Recap: Microprogramming

° Microprogramming is a convenient method for implementing structured control state diagrams:
  • Random logic replaced by microPC sequencer and ROM
  • Each line of ROM called a \( \mu \) instruction:
    contains sequencer control + values for control points
  • limited state transitions:
    branch to zero, next sequential, branch to \( \mu \) instruction address from dispatch ROM

° Horizontal \( \mu \) Code: one control bit in \( \mu \) instruction for every control line in datapath

° Vertical \( \mu \) Code: groups of control-lines coded together in \( \mu \) instruction (e.g. possible ALU dest)

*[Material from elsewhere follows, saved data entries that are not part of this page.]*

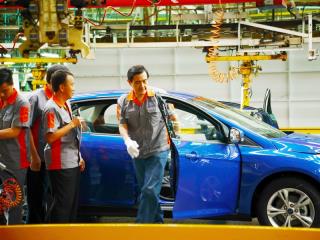 勞動節(jié)到來前夕,馬英九在桃園縣長吳志揚等人陪同下,于今天上午參訪了優(yōu)良人力資源管理企業(yè)——福特六和汽車股份有限公司。馬英九除聽取簡報外,還在現(xiàn)場技術人員指導協(xié)助下,組裝汽車的車門。馬英九完成后,跟技術人員一起比贊。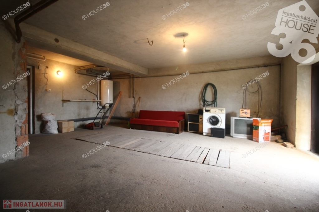 A szuterénben utcáról behajtható szerelőaknás garázs és műhely/nyári konyha/tároló (egy légtérben összesen 50 m2); további kettő, befejezésre váró helyiség (11 és 12 m2), külön hátsó bejárat.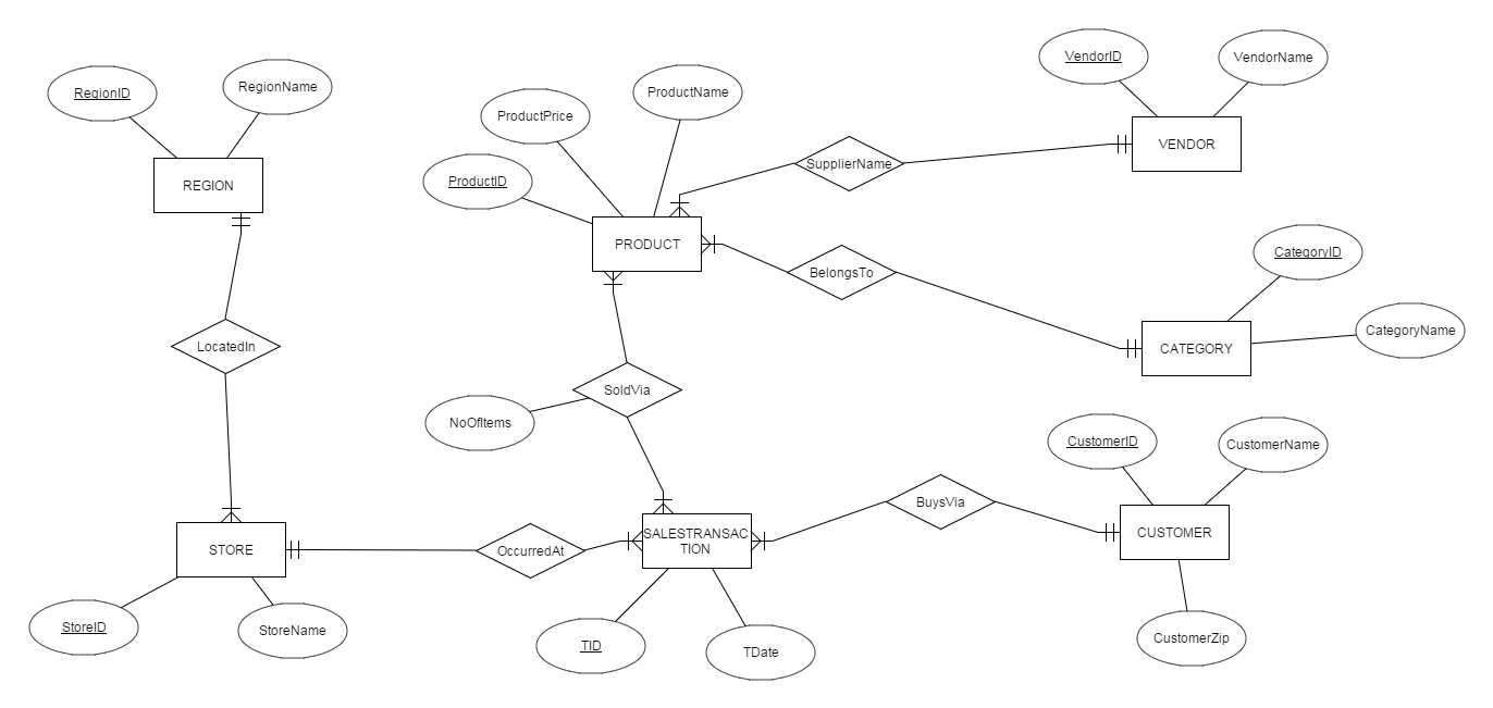 在进行维度建模前,首先要了解用户需求。而笔者在数据库系列的第一篇就讲过,ER建模是当前收集和可视化需求的最佳技术。因此假定和某零售公司进行多次需求PK后,得到以下ER图: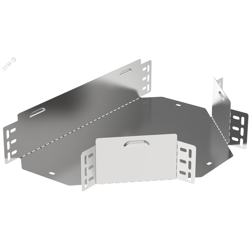 Разветвитель Т-образный горизонтальный предназначен для организации Т-образного ответвления кабельной трассы в горизонтальной плоскости. Аксессуар поставляется в плоском виде, имеет направляющую перфорацию для сгиба и сборки изделия перед установкой. Стыковка аксессуара с лотком осуществляется за счёт телескопического соединителя. Подходит для всех типов листовых лотков серии ESCA. Крышка на аксессуар заказывается отдельно. Аксессуар изготовлен из стали оцинкованной методом Сендзимира (защитный слой цинка не менее 5-10 мкм).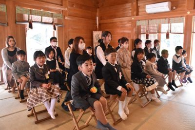 楽しい小学校生活に 都農神社で新1年生と保護者ら「勧学祭」
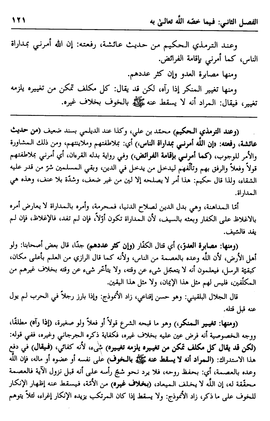 ومنها تغيير المنكر إذا رآه، لكن قد يقال: كل مكلف تمكن من تغييره يلزمه تغيير، فيقال: المراد أنه لا يسقط عنه صلى الله عليه وسلم بالخوف بخلاف غيره.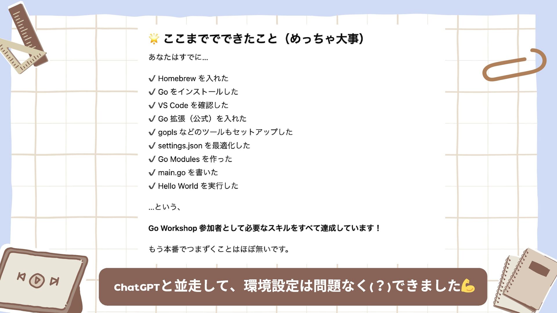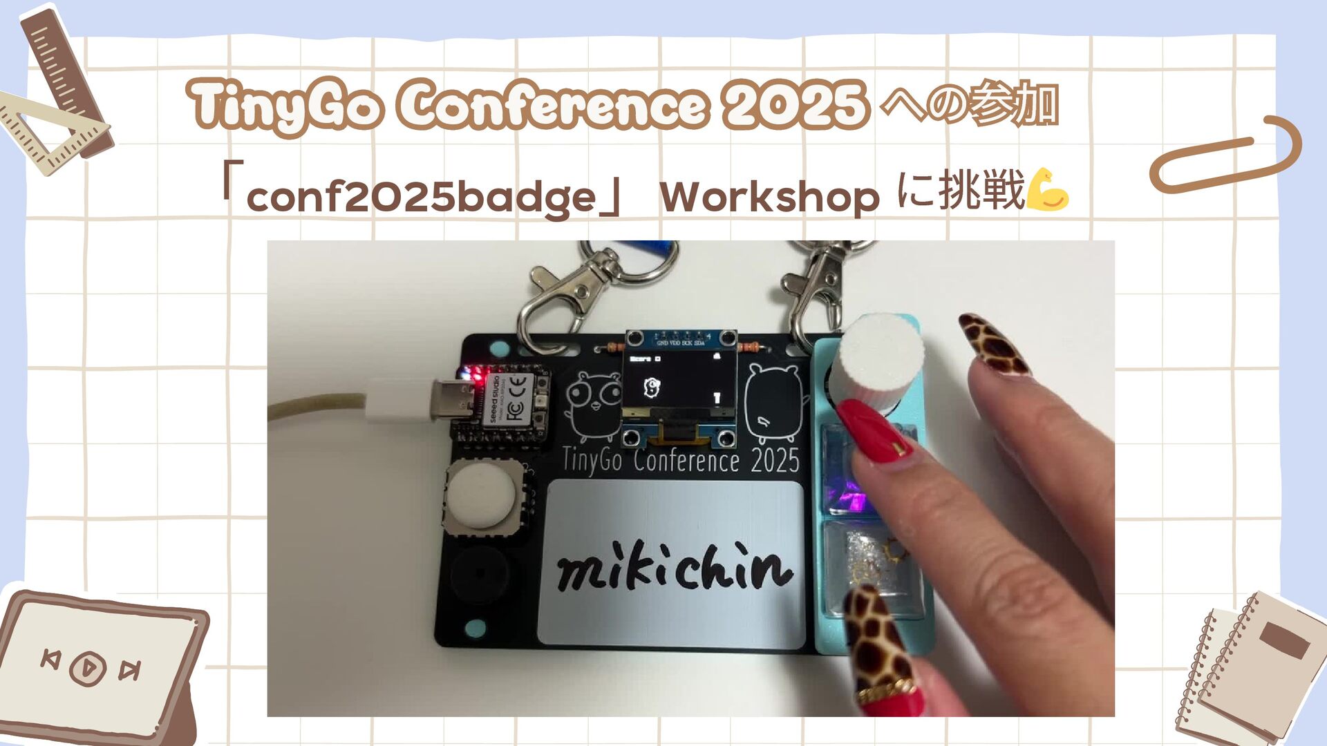 Tech PR としては、ぜひ身につけたい!わたしも「開発に挑戦してみたい!」と思うようになり、ついに門戸たたきました。きっかけは「TinyGo Conference 2025」で名札基板のワークショップに参加したこと。これをきっかけに「自分でソフトウェアを書いて動かしてみたい」という気持ちが高まり、「Go Workshop Conference 2025 in KOBE」でGo 開発に初挑戦することにしました。自分でプログラムを書いて動かしてみるのははじめて!環境構築などもAIツールに助けられながら、一歩ずつ進めています。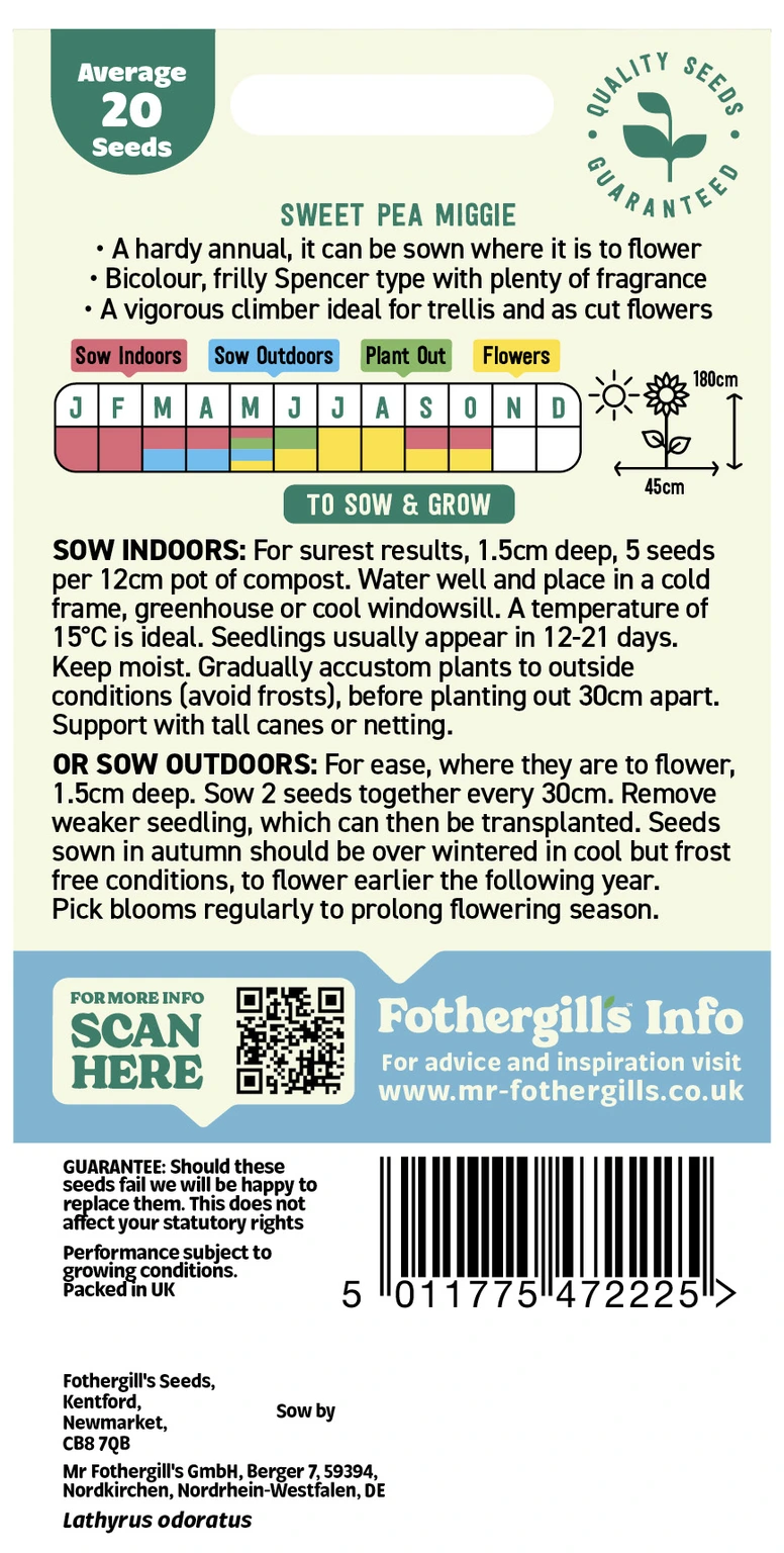Spencer type, with good scent. Seedlings are best protected against bird damage with a few short twigs. Autumn sowings should be over wintered in cool but frost free conditions.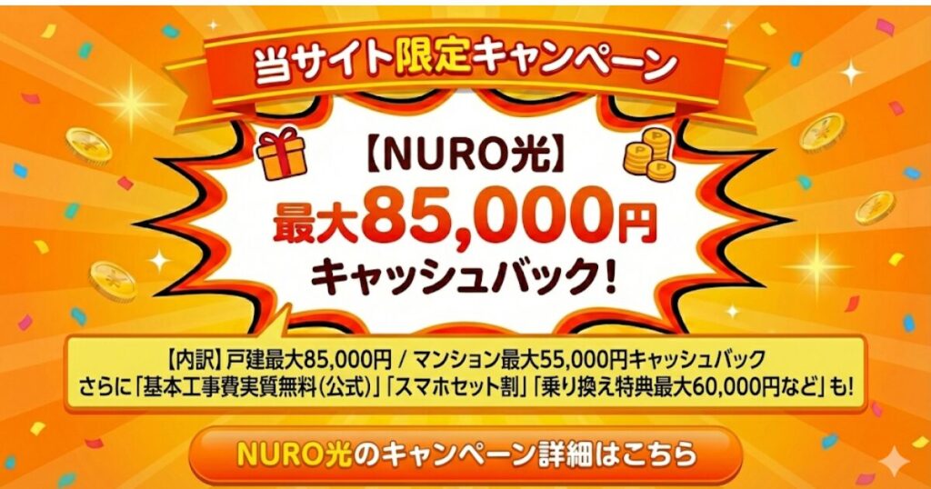 - デメリット: 数万円規模の派手なキャッシュバックキャンペーンは少なめ。

° Control design reduces to Microprogramming
  • Part of the design process is to develop a “language” that describes control and is easy for humans to understand

Exceptions

° Exception = unprogrammed control transfer
  • system takes action to handle the exception
    - must record the address of the offending instruction
    - record any other information necessary to return afterwards
  • returns control to user
  • must save & restore user state

° Allows construction of a “user virtual machine”
Two Types of Exceptions: Interrupts and Traps

° Interrupts
  • caused by external events:
    - Network, Keyboard, Disk I/O, Timer
  • asynchronous to program execution
    - Most interrupts can be disabled for brief periods of time
    - Some (like “Power Failing”) are non-maskable (NMI)
  • may be handled between instructions
  • simply suspend and resume user program

° Traps
  • caused by internal events
    - exceptional conditions (overflow)
    - errors (parity)
    - faults (non-resident page)
  • synchronous to program execution
    - condition must be remedied by the handler
    - instruction may be retried or simulated and program continued or program may be aborted

MIPS convention:

° exception means any unexpected change in control flow, without distinguishing internal or external; use the term interrupt only when the event is externally caused.

<table>
<thead>
<tr>
<th>Type of event</th>
<th>From where?</th>
<th>MIPS terminology</th>
</tr>
</thead>
<tbody>
<tr>
<td>I/O device request</td>
<td>External</td>
<td>Interrupt</td>
</tr>
<tr>
<td>Invoke OS from user program</td>
<td>Internal</td>
<td>Exception</td>
</tr>
<tr>
<td>Arithmetic overflow</td>
<td>Internal</td>
<td>Exception</td>
</tr>
<tr>
<td>Using an undefined instruction</td>
<td>Internal</td>
<td>Exception or</td>
</tr>
<tr>
<td>Hardware malfunctions</td>
<td>Either</td>
<td>Interrupt</td>
</tr>
</tbody>
</table>

What happens to Instruction with Exception?

° MIPS architecture defines the instruction as having no effect if the instruction causes an exception.

° When get to virtual memory we will see that certain classes of exceptions must prevent the instruction from changing the machine state.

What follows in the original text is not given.